In this phase `spawn_agent` gains a natural implementation: it calls
`executor::spawn_local` with a new `ExecutorServer` configured for the child policy,
constructs a new `Orchestrator` with that client, and runs it to completion. The
tarpc boundary from Phase 1 makes this straightforward.

---

## Phase 8 -- Prompt Caching

**Goal:** Use Anthropic's prompt caching to reduce cost and latency on long
conversations. DESIGN.md notes this as a desired property of message construction.

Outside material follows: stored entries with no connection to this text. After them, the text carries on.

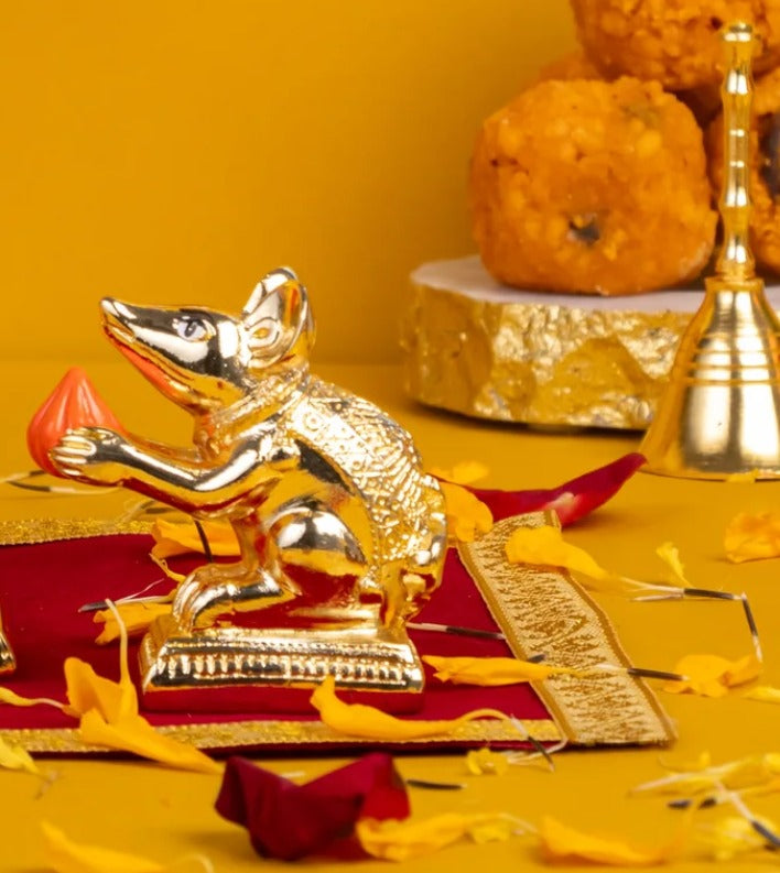 Gold Mushak Idol for Ganpati Pooja (2 inches)
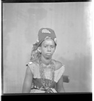 394. EAP449/2/19/394 Reference (shelfmark): EAP449/2/19/394 Title: A woman wearing a dress, headscarf, and necklaces, sitting full frontal view in the studio. Collection Area: Endangered Archives Programme Languages: Not applicable Date Range: 2nd half od the 20th century Extent: 1 TIFF image
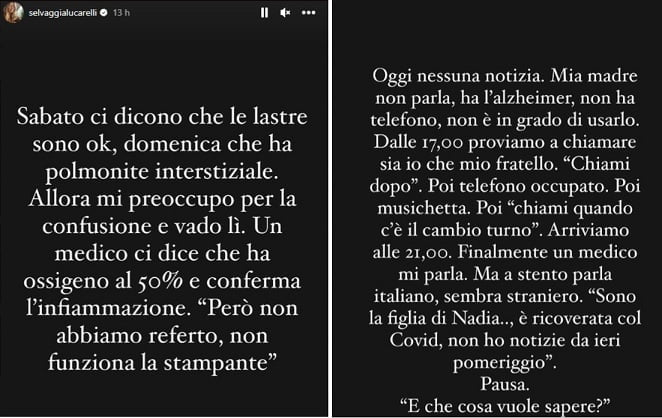 Nelle ultime ore Selvaggia Lucarelli si è resa protagonista di uno sfogo che riguarda un aspetto della sua vita privata. Sua mamma Nadia si trova da diverso tempo in una rsa di Milano. Di recente ha però contratto il Covid ed è stata trasportata a Sesto San Giovanni, al Multimedica per la quarantena. La giornalista ha però denunciato su Instagram, con una serie di post, di non ricevere notizie sulle condizioni di salute della madre.
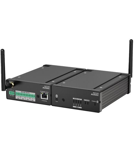 AUDAC NIO-Serie: Zukunftsweisende Audiotechnologie für FestinstallationenAUDAC, ein führender Anbieter innovativer Audiolösungen, setzt mit der NIO-Serie neue Maßstäbe. Die Mixer kombinieren modernste Technologien und maximale Flexibilität für den professionellen Einsatz. Basierend auf jahrzehntelanger Erfahrung und technologischem Fortschritt bietet die NIO-Serie leistungsstarke Features, die den Ansprüchen anspruchsvoller Installationen gerecht werden.Technische Daten auf einen Blick:Eingänge: 4 x symmetrische Mikrofon-/Line-Eingänge (umschaltbar)4 x 4 Kanäle Dante™ & AES67Integrierter Bluetooth-Empfänger (Version 4.2)48V Phantomspannung aktivierbarEQ, automatische Gain-Regelung, Routing und Mixing via AUDAC Touch™Gehäuse: Kompaktes S-box™-DesignInstallation: Kompatibel mit MBS1xx-InstallationszubehörNetzwerk: IP-basierte Kommunikation, PoE-SpannungsversorgungVielseitigkeit & intuitive SteuerungDie NIO-Serie überzeugt durch ihre Netzwerkfähigkeiten und digitale Signalverar... ...
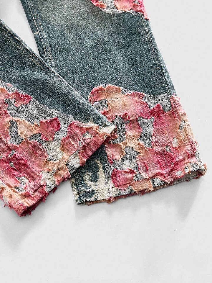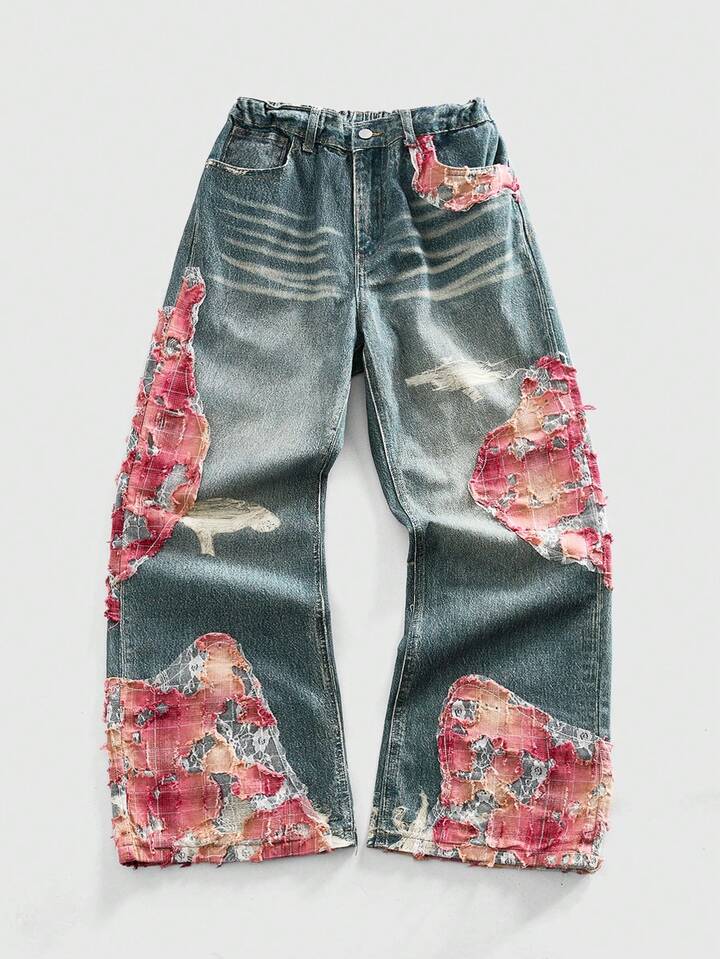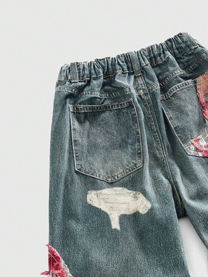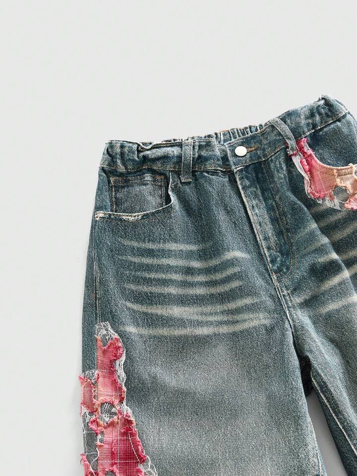 Teenage Boy Casual Loose Fit Pockets Embroidered Wide Leg Jeans

### 8.1  Cache breakpoints

The Anthropic API supports `"cache_control": {"type": "ephemeral"}` on message
content blocks. The optimal strategy is to mark the last user message of the longest
stable prefix as a cache write point.

In `provider/claude.rs`, when serializing the messages array:

- Mark the system prompt content block with `cache_control` (it never changes).
- Mark the penultimate user message with `cache_control` (the conversation history
  that is stable for the current turn).

### 8.2  Cache token tracking

The `TokenUsage` struct in `session/` already reserves `cache_read` and
`cache_write` fields. `StreamEvent` must be extended:

```rust
StreamEvent::CacheReadTokens(u32),
StreamEvent::CacheWriteTokens(u32),
```

The Anthropic `message_start` event contains `usage.cache_read_input_tokens` and
`usage.cache_creation_input_tokens`. Parse these and emit the new variants.

### 8.3  Status bar update

Add cache tokens to the status bar display: `i:1234(c:800) o:567`.

### 8.4  Tests

- Provider unit test: replay a fixture that contains cache token fields; assert the
  new StreamEvent variants are emitted.
- Snapshot test: status bar renders cache token counts correctly.

---

## Dependency Graph

```
Phase 1 (tarpc executor)
    |
    +-- Phase 2 (session logging) -- orchestrator refactor is complete
    |       |
    |       +-- Phase 3 (token tracking) -- requires session TokenUsage struct
    |       |
    |       +-- Phase 7 (sub-agents) -- requires session parent_session_id
    |
    +-- Phase 7 (sub-agents) -- spawn_local reuse is natural after Phase 1

Phase 4 (expand/collapse) -- independent, can be done alongside Phase 3

Phase 5 (leader key) -- independent, prerequisite for Phase 6

Phase 6 (planning mode) -- requires Phase 5 (leader key chord <Space> p)
                        -- benefits from Phase 1 (separate executor per activity)

Phase 8 (prompt caching) -- requires Phase 3 (cache token display)
```

Recommended order: 1 -> 2 -> 3 -> 4 -> 5 -> 6 -> 8, with 7 after 2 and 6.

---

## Files Touched Per Phase

| Phase | New Files | Modified Files |
|-------|-----------|----------------|
| 1 | `src/executor/mod.rs` | `src/core/orchestrator.rs`, `src/core/types.rs`, `src/app/mod.rs`, `Cargo.toml` |
| 2 | `src/session/mod.rs` | `src/core/orchestrator.rs`, `src/app/mod.rs` |
| 3 | -- | `src/core/types.rs`, `src/core/orchestrator.rs`, `src/tui/events.rs`, `src/tui/render.rs` |
| 4 | -- | `src/tui/mod.rs`, `src/tui/render.rs`, `src/tui/events.rs`, `src/tui/input.rs` |
| 5 | -- | `src/tui/input.rs`, `src/tui/render.rs`, `src/tui/mod.rs` |
| 6 | `src/tools/ask_user.rs` | `src/core/types.rs`, `src/core/orchestrator.rs`, `src/tui/mod.rs`, `src/tui/input.rs`, `src/tui/render.rs`, `src/app/mod.rs` |
| 7 | -- | `src/executor/mod.rs`, `src/core/orchestrator.rs`, `src/tui/render.rs`, `src/tui/input.rs` |
| 8 | -- | `src/provider/claude.rs`, `src/core/types.rs`, `src/session/mod.rs`, `src/tui/render.rs` |

---

## New Dependencies

| Crate | Phase | Reason |
|-------|-------|--------|
| `tarpc` | 1 | RPC service trait + in-process transport |
| `uuid` | 2 | LogEvent ids |
| `chrono` | 2 | Event timestamps (check if already transitive) |

No other new dependencies are needed. All other required functionality
(`serde_json`, `tokio`, `ratatui`, `tracing`) is already present.